Metadata-Version: 2.1
Name: datahider
Version: 0.2
Summary: Facade that handles encryption and decryption of dictionaries using a private key from AWS secret store.
License: Proprietary
Author: Michael Roeleveld
Author-email: m.roeleveld@avon-apps.nl
Requires-Python: >=3.10,<4.0
Classifier: License :: Other/Proprietary License
Classifier: Programming Language :: Python :: 3
Classifier: Programming Language :: Python :: 3.10
Classifier: Programming Language :: Python :: 3.11
Classifier: Programming Language :: Python :: 3.12
Requires-Dist: boto3 (>=1.34.23,<2.0.0)
Requires-Dist: cryptography (>=41.0.7,<42.0.0)
Requires-Dist: pytest (>=7.4.4,<8.0.0)
Description-Content-Type: text/markdown

# DataHider

A small Facade over Fernet and Boto3.

## What for

- Turn data into a string that is
  - Encrypted, meaning it can't be tampered with
  - URL safe base 64, meaning you can use it anywhere, anyway
    - It may still have ending `=`s
- Decode above such strings back into data.
- Without having to manually bother with encryption keys.

## "Data"?

Anything accepted by `json.loads`. Which means any composition according to this recursive definition: 

Data is
- Dictionary of str -> Data
- List of Data
- Tuple of Data
- Bool
- Number
- String
- None

## How not to use

### Pittfall 1: AWS marks secrets for deletion and locks them

Creating a key and then deleting it results in the keyname being "locked" by AWS:

botocore.errorfactory.InvalidRequestException: An error occurred (InvalidRequestException) when calling the GetSecretValue operation: You can't perform this operation on the secret because it was marked for deletion.

AWS Secrets Manager Secrets have a default retention (recovery window) period of 30 days after deletion to give you the chance to recover it - in case it was deleted by mistake or you change your mind. So even if it shows on the AWS console as deleted, it still exists in AWS's API records.

### Pittfall 2: private keys are cached

So maybe you set the secret retention time to 0.

**If you do that** there's something else you need to take into account.

Each DataHider object caches the encryption key. This presents susceptibility to the following scenario:

- make instance **A** with keyname **N** (which will generate a new key **K**)
- make instance **B** with keyname **N**
- delete the key using **B**
   - **A** will still encrypt and decrypt without errors as the private key is cached. But any other instance will not be able to decrypt what comes out of **A**.
- make instance **C** with keyname **N** (which will generate a new key **L**)
   - **A** will "speak a different language" compared to instance **C**:
   - **A** uses **K**, but **C** uses **L**, despite both agreeing on the key name **N**.
    
In this scenario, data loss occurs when messages encrypted by **A** are attempted to be decrypted by **C**, and vice versa.


## How to use

You need to be logged in on AWS. The encryption key is stored in AWS secrets manager.

**Example 1:** Creating an instance of DataHider

If the key already exists, it will use the existing key. If not, it will generate a new key.

```py
from datahider import DataHider

data_hider_instance = DataHider(keyname="your_key_name")
```

**Example 2:** Encrypting and Base64 Encoding Data

```py
data_to_encrypt = {"user": "John Doe", "age": 25, "city": "Example City"}
encrypted_data_base64 = data_hider_instance.encrypt_and_base64(data_to_encrypt)
print(f"Encrypted and Base64 encoded data: {encrypted_data_base64}")
```

**Example 3:** Decrypting Base64 Encoded Data

```python
decrypted_data = data_hider_instance.decrypt_base64_blob(encrypted_data_base64)
print(f"Decrypted data: {decrypted_data}")
```

**Example 4:** Removing the Key (Use with caution!)

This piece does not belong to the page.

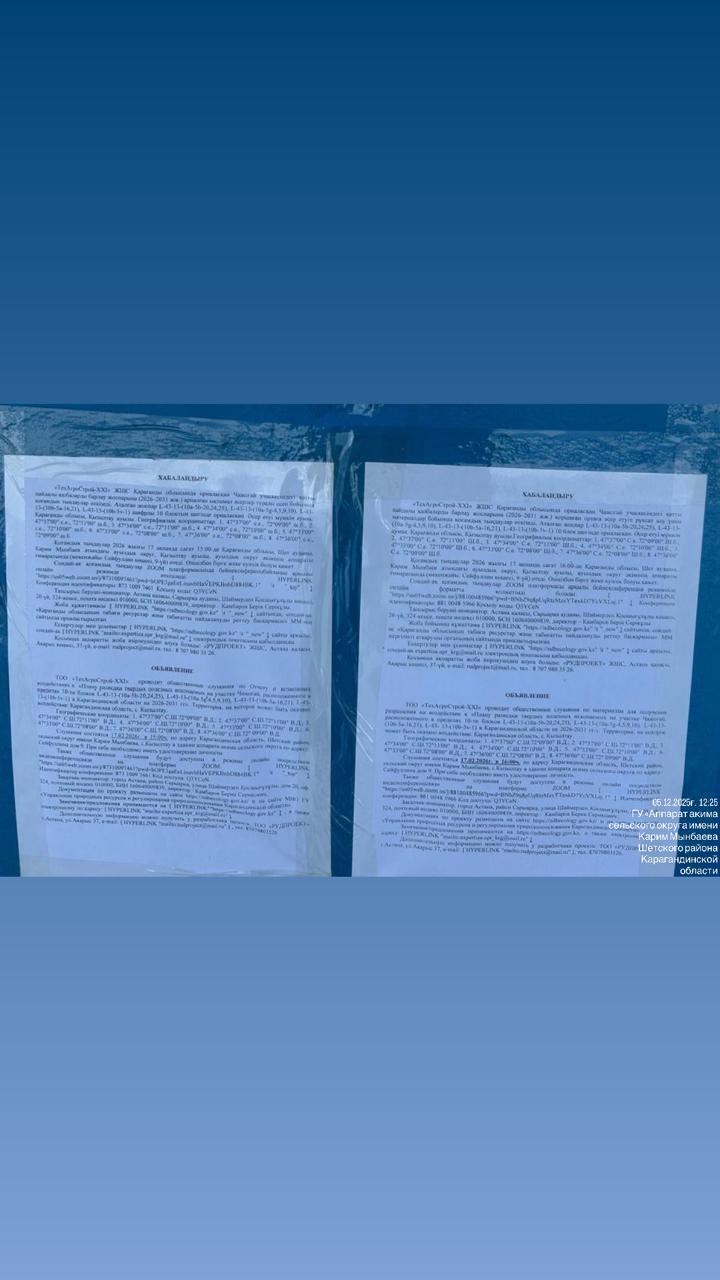 3. Общественные слушания организованны: Управление природных ресурсов и регулирования природопользования Карагандинской области, expertiza.upr_krg@mail.ru,

This will delete the key from Secrets Manager. You will lose access to data encrypted with this key.

```python
remover = data_hider_instance.dangerous_remove_key_you_will_lose_data()
```

### Note: Make sure to handle exceptions appropriately in a production environment.

DataHider does not catch exceptions it can't handle. It does not define new exception classes.

## Copyright

This code is the intellectual property of Nova Technology B.V.

Unauthorized reproduction is prohibited.